Article Text
Abstract
Introduction Stratification and predictive models have been proposed to support clinical decisions or to identify vulnerability-based sub-populations of complex patients. In particular, predicting mortality also has been one of the initiatives proposed on the prediction of palliative care (PC) needs. However, models considering life impact outcomes, such as negative effects due to illnesses, may be more able to contribute to identifying older patients who may benefit from early PC. The aim of this study was to review the current state of the art on health indicators which could suggest a declining trajectory of end-of-life in patients aged >65 with chronic disease(s).
Method A literature review was carried out in PubMed-Medline (February 20, 2019).

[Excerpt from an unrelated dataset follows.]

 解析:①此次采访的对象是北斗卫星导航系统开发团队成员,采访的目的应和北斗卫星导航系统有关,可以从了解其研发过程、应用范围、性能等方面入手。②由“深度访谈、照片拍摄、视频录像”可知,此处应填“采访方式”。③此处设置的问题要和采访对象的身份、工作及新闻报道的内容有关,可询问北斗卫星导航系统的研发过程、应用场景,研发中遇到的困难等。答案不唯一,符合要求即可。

Two research questions (RQ) were formulated (RQ1: mortality or survival prediction; RQ2: identification of patients with PC needs). Study selection was performed independently by two reviewers under the following inclusion criteria: subject sample aged >65, with chronic disease profile, published in English. Outcomes were categorised using the Core Outcome Measures in Effectiveness Trials-COMET taxonomy, specifically the core area: Life Impact.

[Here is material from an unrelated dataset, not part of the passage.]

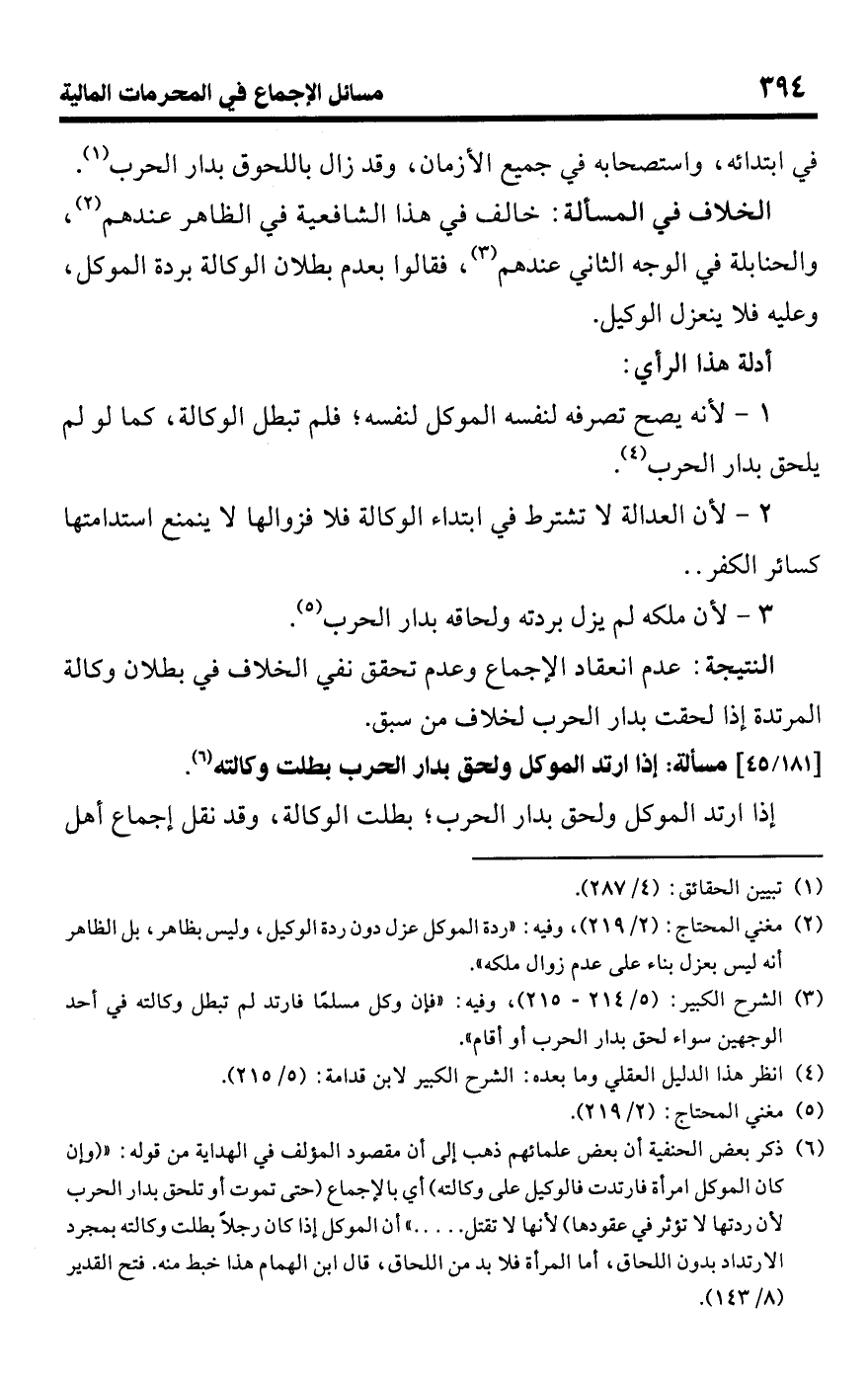 3 - لأن ملكه لم يزل بردته ولحاقه بدار الحرب (¬5).Rعدم انعقاد الإجماع وعدم تحقق نفي الخلاف في بطلان وكالة المرتدة إذا لحقت بدار الحرب لخلاف من سبق.

Results The keyword search gathered 712 papers for RQ1 and 696 for RQ2. After screening papers and eliminating duplicates, 101 studies were considered for retrieving information. We identified 1723 outcomes candidates but, after decoding abbreviations and concealing terms, only 484 remained. Of these, 83 terms were aligned with the core area Life Impact, being grouped under the following subdomains: cognitive (n=13), physical (n=28), social (n=16) and emotional (n=10) functioning; quality of life (n=1); perceived health status (n=6) and care delivered (n=9).
Conclusion The literature review allowed us to collect updated life impact outcomes related to repercussions of illnesses which may guide the development of predictive modelling beyond a mortality approaching paradigm under the clinical setting mentioned.